Но всё равно — слухи об актировочной комиссии всегда проникали в больницу раньше самой комиссии, и все — и больные, и медперсонал — начинали волноваться… Парадокс!
Но всё же случай актировки — настоящего реального освобождения по болезни — однажды произошёл в бытность мою в Мошеве. И ещё фантастичней — с заключённым по 58-й статье, правда, с пустяковым 10-м пунктом и отсидевшем почти весь свой «законный» срок.
Этим заключённым оказался как раз тот самый симпатичный медфельдшер, который принимал меня в Мошеве и не отправил в рабочую зону! Он был больным доктора Мурадханова и страдал отслоением сетчатки в обоих глазах.
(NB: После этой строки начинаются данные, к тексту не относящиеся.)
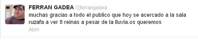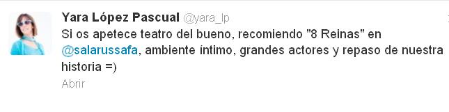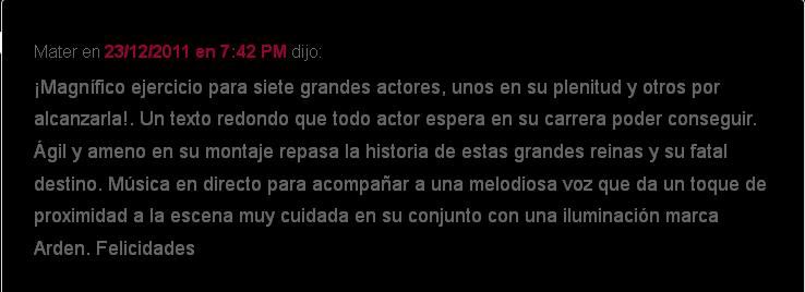8 Reinas en el Teatro Russafa La obra sobre 8 Reinas de gran poder interpretadas por 8 hombres, además música en directo ¿Cuándo? Fecha Del Thursday, 18 de October del 2012 al Sunday, 11 de November del 2012 HORA 01:00 h ¿Dónde? LUGAR Sala Russafa C/ Denia, 55 Ver ficha Puedes disfrutar del teatro con 8 Reinas. Una original obra de teatro que estará en la Sala Russafa del 18 de octubre al 11 de noviembre. Todos los jueves, viernes y sábados a las 20:30 podrás entretenerte y disfrutar del ingenio y el buen trabajo de todo el equipo, así como los domingos a partir de las 19:00 horas. A través de 8 personajes históricos, ocho reinas que gobernaron en la historia, nos acercamos a sus vivencias como mujeres poderosas. Sus dificultades, obstáculos que tuvieron que sufrir por ser mujeres con poder. Sus miedos, sus fracasos, sus relaciones con un mundo creado y diseñado para el hombre. Os dejamos unas opiniones de gente que ya ha acudido a la obra y de uno de los actores: Las reinas protagonistas de esta obra son: María Estuardo, Catalina la grande de Rusia, Isabel la católica, Cristina de Suecia, Isabel II de España, María Tudor, Juana la loca y Elizabeth I, que estarán encarnadas en el cuerpo de ocho hombres que nos hablan de temas aún no se resueltos en nuestra sociedad. Además el espectáculo va acompañado de música en directo, con temas muy conocidos y de grupos de todos los tiempos como por ejemplo The Beatles. Una voz de una mujer, testigo de las voces de unos hombres tratando de acercarse a estas grandes reinas de la historia. Compra ya tus entradas para 8 Reinas y disfruta de todo lo que esta fantástica obra te puede ofrecer. Además el jueves por ser el día del espectador, la entrada tiene un coste único de diez euros. Artículos relacionados Ángel Martín y Ricardo Castella en el Teatro Flumen Festival La Cabina en Valencia Forever Young, el musical en Valencia Exposición de Andy Warhol en Valencia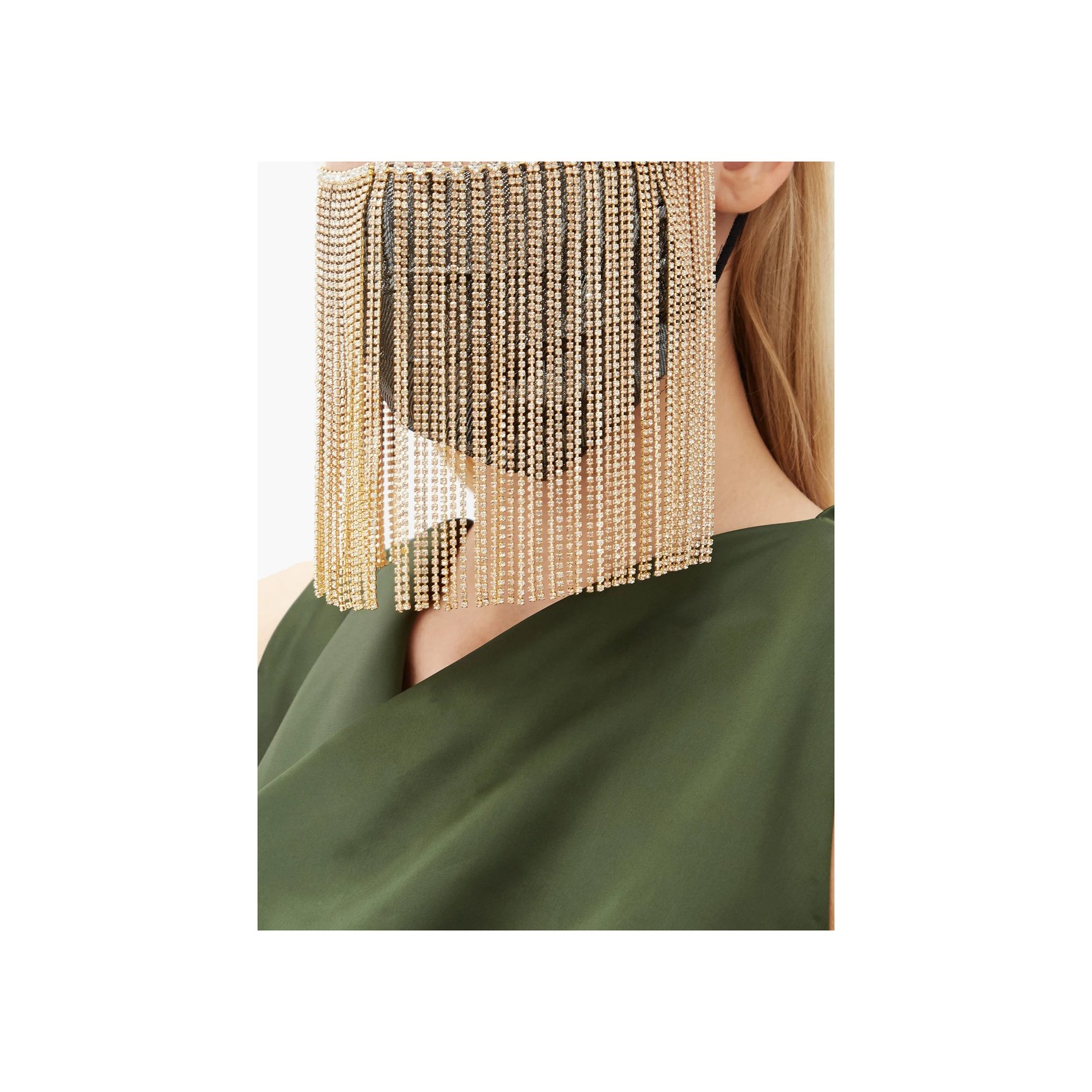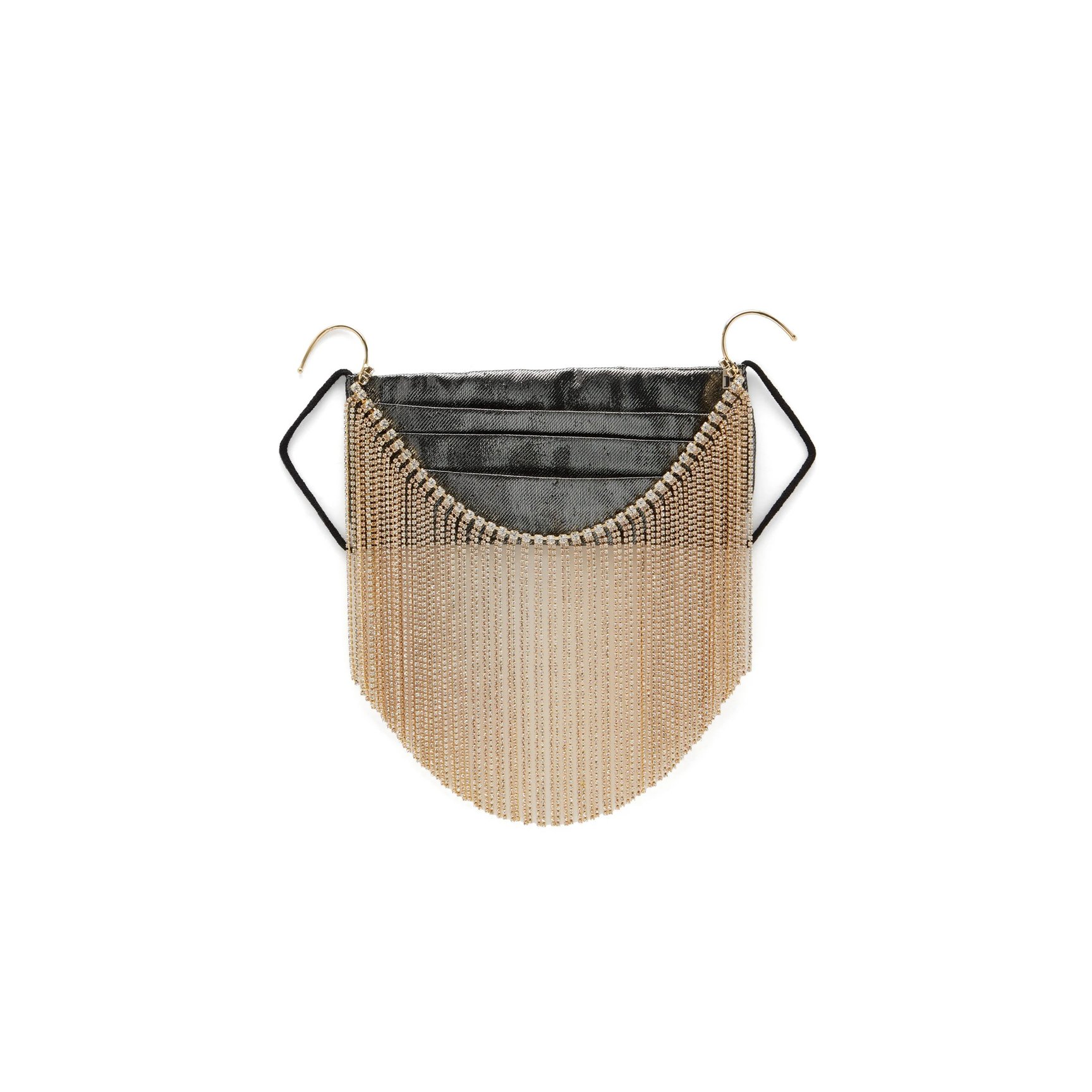 パーティースタイルにもぴったり?!「ロザンティカ(Rosantica)」のマスクは、無数のクリスタルをあしらったゴールドフリンジが顔周りできらめくゴージャスなアイテム。アクセサリー無しでも顔周りを華やかにしてくれます。フリンジは取り外し可能なので、メタリックブラックのシンプルなマスクにもなる2WAY仕様です。お値段も驚きのラグジュアリープライス。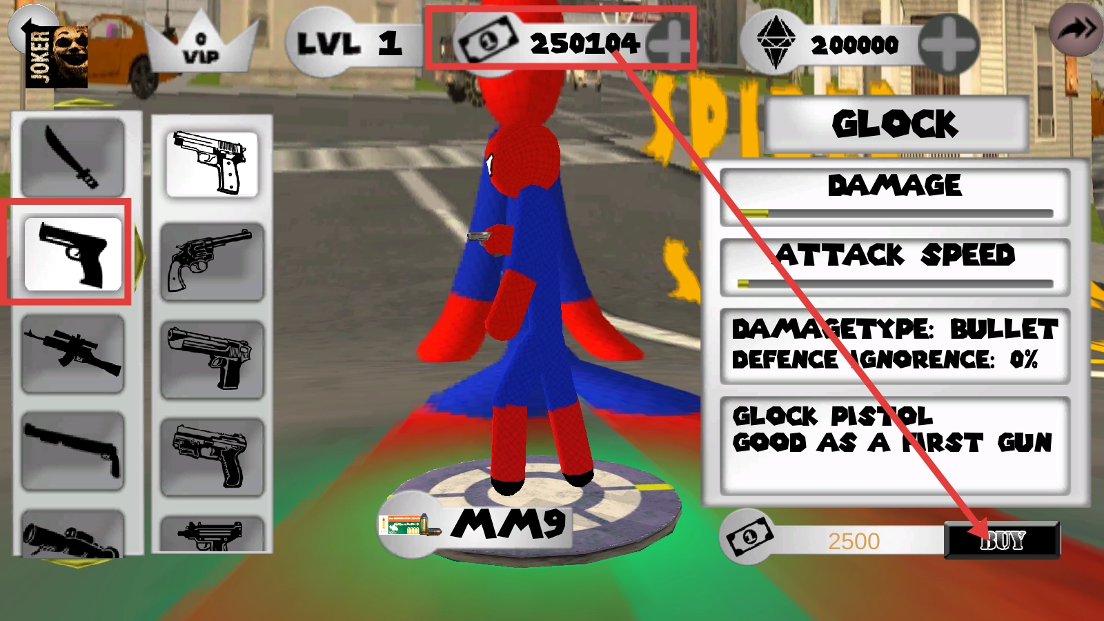 在商店里使用【250104】货币购置【GLOCK】这类武器,增强角色的攻击能力,为接下来的战斗预先做好准备。

Болезнь развивалась быстро. В те времена это считалось неизлечимой болезнью, по крайней мере у нас, в Сов. Союзе, и неизбежно приводило к полной слепоте. Ко времени приезда комиссии, Сашенька — так его звали — практически был уже почти слеп, и своих канцелярских обязанностей выполнять уже не мог.
С него взяли подписку, что за ним приедут, и сактировали.
Где-то в Казахстане у него была жена.
…Он бывал частым и желанным гостем у нас на Васькиной полянке. Милый, сердечный, с большим чувством юмора, он был отнюдь не стар, но и не юноша, конечно. Он был по профессии настоящим медфельдшером, а кроме того и большим любителем книг, массу читавшим и обладавшим недюжинной памятью. Мы с большим удовольствием слушали на лужайке за лопухами, как он пересказывал по памяти рассказы Лескова или Чехова.